In “Seattle Takes Steps to Recognize Minorities’ Role in Shaping Region,” The New York Times reports on Seattle’s troubled racist past and efforts to bring historical context and recognition of this past:
“This year, two new museums and a new traditional gate marking the city’s Chinatown will be completed, formally acknowledging the role minority groups have played in shaping Seattle and the region — even as those roles are changing…In fact, the locations of the new museums — the Northwest African American Museum at the edge of the Central District and the newly expanded Wing Luke Asian Museum in what is now called the International District — are directly linked to the city’s troubled racial history. The neighborhoods became concentrated with minorities beginning in the 19th century because discriminatory housing policies prevented Asians, blacks and other groups from living elsewhere… This spring, the Wing Luke museum, named for the first Asian-American elected to public office in the Northwest, will reopen after a major expansion into a historic building in the Chinatown section of the International District. The move comes as the Asian population, which makes up 13 percent of both the city and King County, has also been leveling off in the city but increasing in the suburbs. This Saturday, the new Chinatown gate will be formally opened, more than half a century after it was conceived and at a time when many well-established residents of Chinese descent return to Chinatown mostly just for dinner, and sometimes warily, because of an increase in crime and panhandling.”

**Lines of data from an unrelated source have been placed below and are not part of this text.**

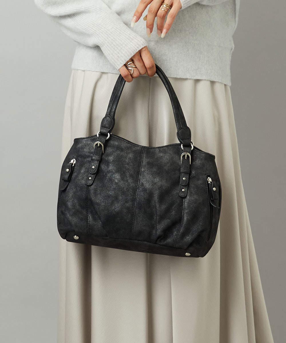 タックを施した丸みのあるフォルムが女性らしく、上品な雰囲気に魅せてくれるトートバッグです。
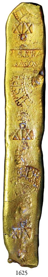 Gold "finger" bar from the Maravillas (1656), 336.3 grams, 19-1/4K. About 7" x 1" x 1/4". A very wide and flat ingot with one end chisel-cut twice (a bit crudely) and the other end rounded but with two small, cylindrical assayer's bites, the marked surface with 3 fineness markings of XIX in a box with single dot outside, 3 clear tax seals (plus part of another) with dotted borders and letters HISPA and DG visible, but best of all is the bold and nearly full foundry mark RIBERA / ZARAGOZA, which clearly refers to the Zaragoza mine and city in Colombia but also possibly to an assayer named Ribera (unless the RIBERA simply refers to the fact that the Zaragoza in Colombia, as opposed to the Zaragoza in Spain, is situated on the banks of a river), a significant artifact from a wreck that is not necessarily known for yielding many gold bars. From the Maravillas (1656), with color photo-certificate.
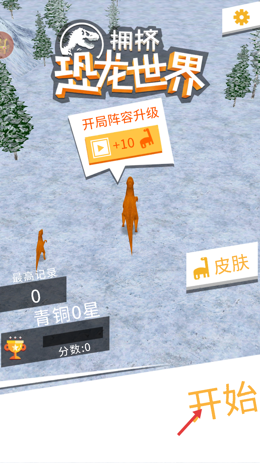 1、进入【拥挤恐龙世界】后,先点击【开始】,可通过观看视频完成【开局阵容升级+10】恐龙,提升初始战力。
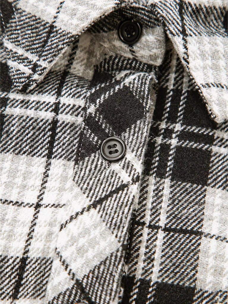 Plaid Print Chest Pockets Buttoned Shirt

I’ve known that Washington elected the first and only Chinese-American governor, Gary Locke, so I found it a bit ironic to hear about Seattle’s discriminatory past. Then again, I guess I should be so surprised since the United States government did pass the Chinese Exclusionary acts. I haven’t spent that much time in Seattle, so I was only aware of some of the discriminatory practices in San Francisco / California during the Gold Rush, and didn’t even know there was a Chinatown in Seattle.